◆ Task prompt ◆
When you reach the line in the listing below that contains "Толщина внутренних перегородок", begin returning lines exactly as written, and stop after the line that contains "Style 640854 J1D90". Return no other lines.
--- START ---
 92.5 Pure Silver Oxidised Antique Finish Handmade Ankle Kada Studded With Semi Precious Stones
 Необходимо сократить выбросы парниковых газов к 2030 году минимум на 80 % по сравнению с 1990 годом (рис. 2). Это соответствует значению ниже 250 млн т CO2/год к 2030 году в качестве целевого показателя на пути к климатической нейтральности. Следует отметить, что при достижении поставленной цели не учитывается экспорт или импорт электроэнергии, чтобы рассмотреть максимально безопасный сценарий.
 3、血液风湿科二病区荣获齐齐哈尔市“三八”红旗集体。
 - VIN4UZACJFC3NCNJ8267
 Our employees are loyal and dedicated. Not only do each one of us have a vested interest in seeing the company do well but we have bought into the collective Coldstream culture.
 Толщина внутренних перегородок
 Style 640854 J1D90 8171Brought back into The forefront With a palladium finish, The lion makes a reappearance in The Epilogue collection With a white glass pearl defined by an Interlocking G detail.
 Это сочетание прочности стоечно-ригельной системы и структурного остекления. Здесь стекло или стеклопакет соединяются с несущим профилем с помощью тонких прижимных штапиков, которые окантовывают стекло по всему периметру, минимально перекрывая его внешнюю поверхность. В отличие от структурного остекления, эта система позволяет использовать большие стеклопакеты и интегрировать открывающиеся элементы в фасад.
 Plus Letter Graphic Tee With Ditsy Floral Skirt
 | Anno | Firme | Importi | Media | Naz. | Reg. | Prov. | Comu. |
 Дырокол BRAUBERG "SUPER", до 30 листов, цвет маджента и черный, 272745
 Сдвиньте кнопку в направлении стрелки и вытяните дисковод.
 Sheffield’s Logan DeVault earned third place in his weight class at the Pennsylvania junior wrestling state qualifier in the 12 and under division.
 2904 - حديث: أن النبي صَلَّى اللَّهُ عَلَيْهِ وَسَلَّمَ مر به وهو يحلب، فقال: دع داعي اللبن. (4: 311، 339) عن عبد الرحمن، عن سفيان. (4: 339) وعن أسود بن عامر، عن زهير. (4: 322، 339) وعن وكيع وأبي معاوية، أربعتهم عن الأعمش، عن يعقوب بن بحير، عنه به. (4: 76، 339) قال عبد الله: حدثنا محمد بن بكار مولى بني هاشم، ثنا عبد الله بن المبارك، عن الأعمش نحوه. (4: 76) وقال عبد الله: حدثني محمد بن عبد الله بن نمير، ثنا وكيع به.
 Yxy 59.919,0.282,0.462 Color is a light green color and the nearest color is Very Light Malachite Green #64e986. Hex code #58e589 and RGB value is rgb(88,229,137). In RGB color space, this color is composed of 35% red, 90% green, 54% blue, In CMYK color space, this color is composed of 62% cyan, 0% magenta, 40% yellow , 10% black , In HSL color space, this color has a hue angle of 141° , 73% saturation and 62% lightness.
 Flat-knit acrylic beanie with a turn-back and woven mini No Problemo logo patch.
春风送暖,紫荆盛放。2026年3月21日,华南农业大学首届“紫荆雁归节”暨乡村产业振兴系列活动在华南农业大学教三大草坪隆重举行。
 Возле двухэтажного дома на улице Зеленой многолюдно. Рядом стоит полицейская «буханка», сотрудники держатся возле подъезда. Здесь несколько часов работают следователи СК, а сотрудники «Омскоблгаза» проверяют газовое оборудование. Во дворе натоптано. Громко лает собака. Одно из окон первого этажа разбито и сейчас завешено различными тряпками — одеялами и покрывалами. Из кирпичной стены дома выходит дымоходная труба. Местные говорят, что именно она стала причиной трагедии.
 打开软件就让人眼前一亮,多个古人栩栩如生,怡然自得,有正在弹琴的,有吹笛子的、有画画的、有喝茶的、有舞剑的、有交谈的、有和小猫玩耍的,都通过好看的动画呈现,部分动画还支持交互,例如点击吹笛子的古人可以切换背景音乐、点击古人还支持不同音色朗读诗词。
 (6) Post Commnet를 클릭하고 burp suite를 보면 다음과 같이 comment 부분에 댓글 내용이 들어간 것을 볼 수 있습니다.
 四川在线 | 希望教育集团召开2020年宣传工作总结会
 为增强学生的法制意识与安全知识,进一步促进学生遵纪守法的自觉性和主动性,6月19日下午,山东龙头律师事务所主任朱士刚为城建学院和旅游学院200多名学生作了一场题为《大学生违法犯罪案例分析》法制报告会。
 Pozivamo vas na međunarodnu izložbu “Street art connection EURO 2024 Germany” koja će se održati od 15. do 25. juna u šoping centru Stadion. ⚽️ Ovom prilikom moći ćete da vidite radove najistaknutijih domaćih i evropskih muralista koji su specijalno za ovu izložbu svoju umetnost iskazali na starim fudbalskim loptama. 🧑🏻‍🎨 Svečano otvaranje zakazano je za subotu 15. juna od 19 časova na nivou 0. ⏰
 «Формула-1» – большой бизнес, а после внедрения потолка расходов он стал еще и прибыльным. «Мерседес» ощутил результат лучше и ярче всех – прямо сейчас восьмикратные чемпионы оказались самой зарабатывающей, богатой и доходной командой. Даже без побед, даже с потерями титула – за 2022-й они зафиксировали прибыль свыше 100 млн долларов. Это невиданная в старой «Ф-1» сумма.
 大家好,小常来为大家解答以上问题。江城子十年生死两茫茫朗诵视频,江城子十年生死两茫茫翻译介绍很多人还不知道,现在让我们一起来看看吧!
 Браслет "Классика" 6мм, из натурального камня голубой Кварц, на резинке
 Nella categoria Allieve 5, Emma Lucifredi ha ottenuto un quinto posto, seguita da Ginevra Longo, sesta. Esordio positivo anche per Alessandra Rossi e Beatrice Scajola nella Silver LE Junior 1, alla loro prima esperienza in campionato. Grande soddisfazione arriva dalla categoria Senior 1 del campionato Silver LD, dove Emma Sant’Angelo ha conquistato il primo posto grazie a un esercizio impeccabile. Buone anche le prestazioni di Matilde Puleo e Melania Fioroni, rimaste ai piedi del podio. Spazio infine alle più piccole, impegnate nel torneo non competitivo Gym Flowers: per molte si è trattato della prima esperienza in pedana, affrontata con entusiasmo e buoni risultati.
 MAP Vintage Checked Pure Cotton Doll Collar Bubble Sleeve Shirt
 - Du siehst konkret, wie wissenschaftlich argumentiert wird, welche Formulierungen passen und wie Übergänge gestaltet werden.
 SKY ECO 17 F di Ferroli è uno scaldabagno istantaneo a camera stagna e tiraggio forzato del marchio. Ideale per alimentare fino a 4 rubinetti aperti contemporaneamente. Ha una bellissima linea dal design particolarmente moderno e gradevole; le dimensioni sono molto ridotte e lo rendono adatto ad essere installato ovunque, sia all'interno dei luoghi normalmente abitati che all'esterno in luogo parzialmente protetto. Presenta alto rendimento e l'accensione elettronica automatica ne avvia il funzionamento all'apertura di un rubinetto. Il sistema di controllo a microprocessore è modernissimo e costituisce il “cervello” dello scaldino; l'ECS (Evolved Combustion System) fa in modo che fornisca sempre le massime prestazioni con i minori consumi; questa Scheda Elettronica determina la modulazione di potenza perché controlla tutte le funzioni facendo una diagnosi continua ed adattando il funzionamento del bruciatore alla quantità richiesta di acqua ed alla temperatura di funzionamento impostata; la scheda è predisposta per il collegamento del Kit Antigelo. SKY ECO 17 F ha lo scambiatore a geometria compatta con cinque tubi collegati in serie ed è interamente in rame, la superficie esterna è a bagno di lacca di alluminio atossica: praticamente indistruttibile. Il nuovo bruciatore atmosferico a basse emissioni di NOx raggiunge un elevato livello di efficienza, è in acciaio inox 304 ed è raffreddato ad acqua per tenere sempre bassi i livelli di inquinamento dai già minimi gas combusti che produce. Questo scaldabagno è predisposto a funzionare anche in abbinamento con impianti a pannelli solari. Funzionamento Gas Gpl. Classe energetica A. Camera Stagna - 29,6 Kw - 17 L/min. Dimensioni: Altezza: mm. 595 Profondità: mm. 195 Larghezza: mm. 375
--- END ---
◆ Output of the exercise ◆
 Толщина внутренних перегородок
 Style 640854 J1D90 8171Brought back into The forefront With a palladium finish, The lion makes a reappearance in The Epilogue collection With a white glass pearl defined by an Interlocking G detail.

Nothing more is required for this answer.